## Stored data
=-=-=-=-=

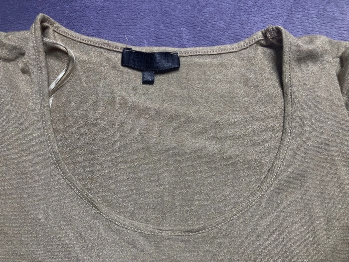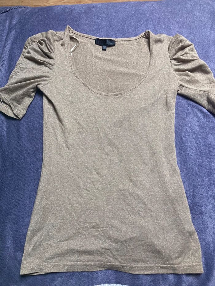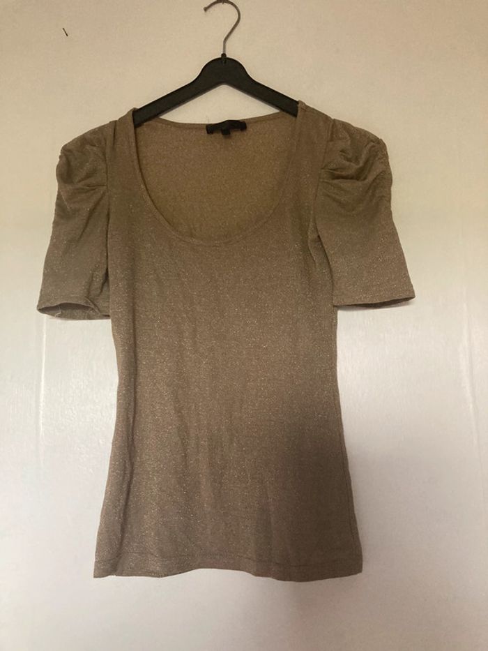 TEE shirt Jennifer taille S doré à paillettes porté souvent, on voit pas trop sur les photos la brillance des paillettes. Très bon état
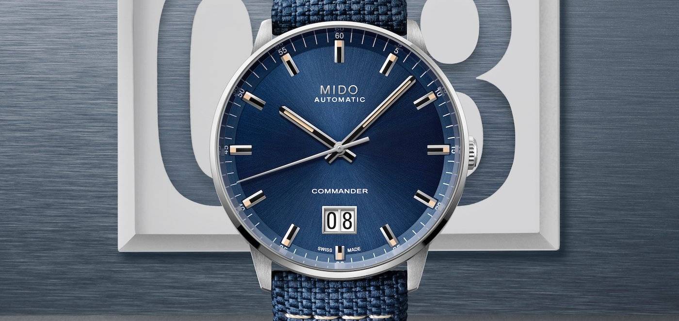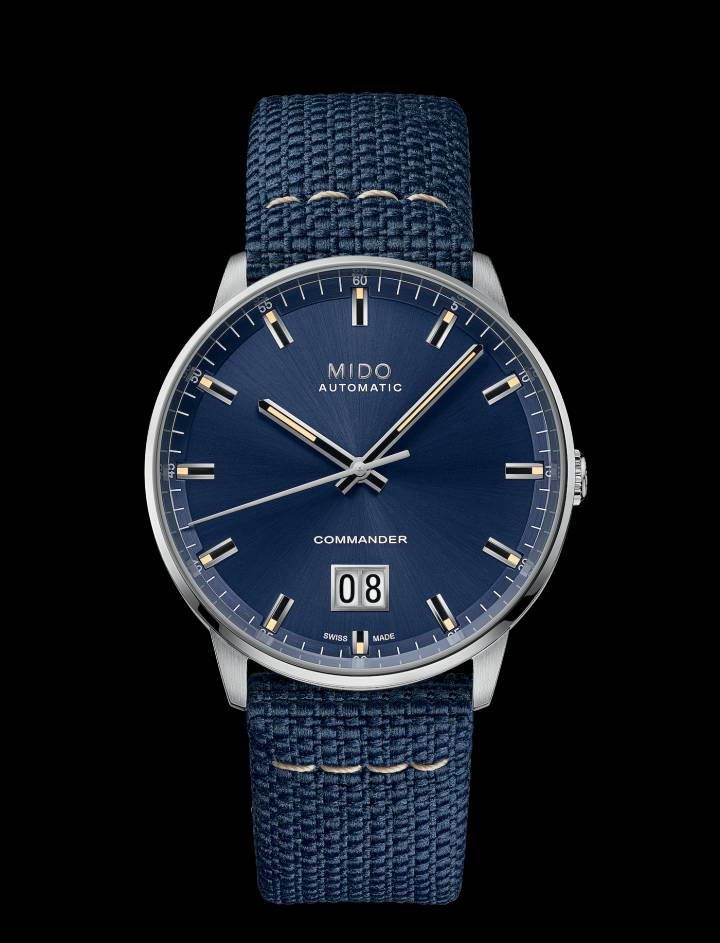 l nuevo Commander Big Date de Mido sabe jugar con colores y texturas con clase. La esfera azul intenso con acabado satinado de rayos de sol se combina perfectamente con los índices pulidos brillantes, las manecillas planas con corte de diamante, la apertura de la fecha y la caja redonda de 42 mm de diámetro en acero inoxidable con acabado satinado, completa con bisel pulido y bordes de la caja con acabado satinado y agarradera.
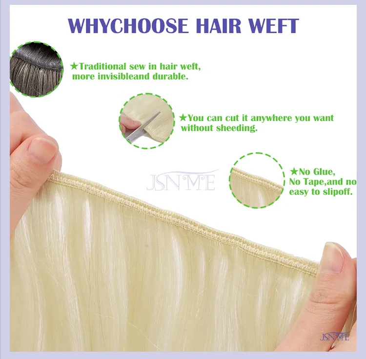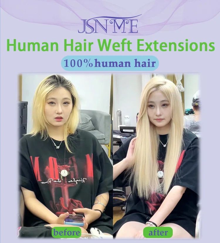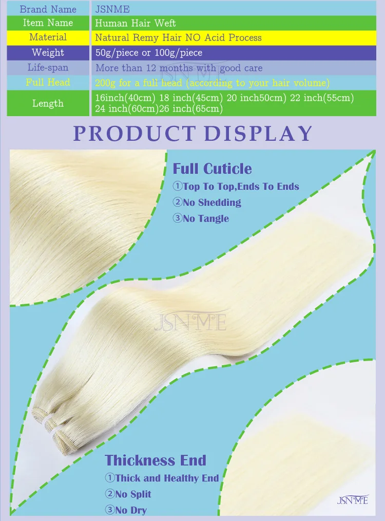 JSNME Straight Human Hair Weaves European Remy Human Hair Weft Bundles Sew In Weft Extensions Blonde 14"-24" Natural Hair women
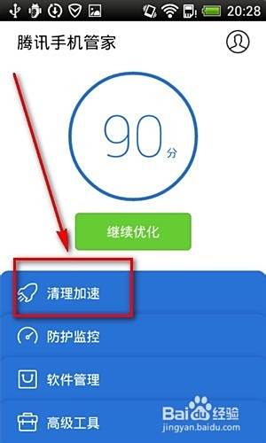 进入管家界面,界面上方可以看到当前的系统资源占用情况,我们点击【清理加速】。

=-=-=-=-=

## Task requirements
The copy must reproduce the listing above verbatim and contain no pictures.

## Solution for this problem
 TEE shirt Jennifer taille S doré à paillettes porté souvent, on voit pas trop sur les photos la brillance des paillettes. Très bon état
 l nuevo Commander Big Date de Mido sabe jugar con colores y texturas con clase. La esfera azul intenso con acabado satinado de rayos de sol se combina perfectamente con los índices pulidos brillantes, las manecillas planas con corte de diamante, la apertura de la fecha y la caja redonda de 42 mm de diámetro en acero inoxidable con acabado satinado, completa con bisel pulido y bordes de la caja con acabado satinado y agarradera.
 JSNME Straight Human Hair Weaves European Remy Human Hair Weft Bundles Sew In Weft Extensions Blonde 14"-24" Natural Hair women
 进入管家界面,界面上方可以看到当前的系统资源占用情况,我们点击【清理加速】。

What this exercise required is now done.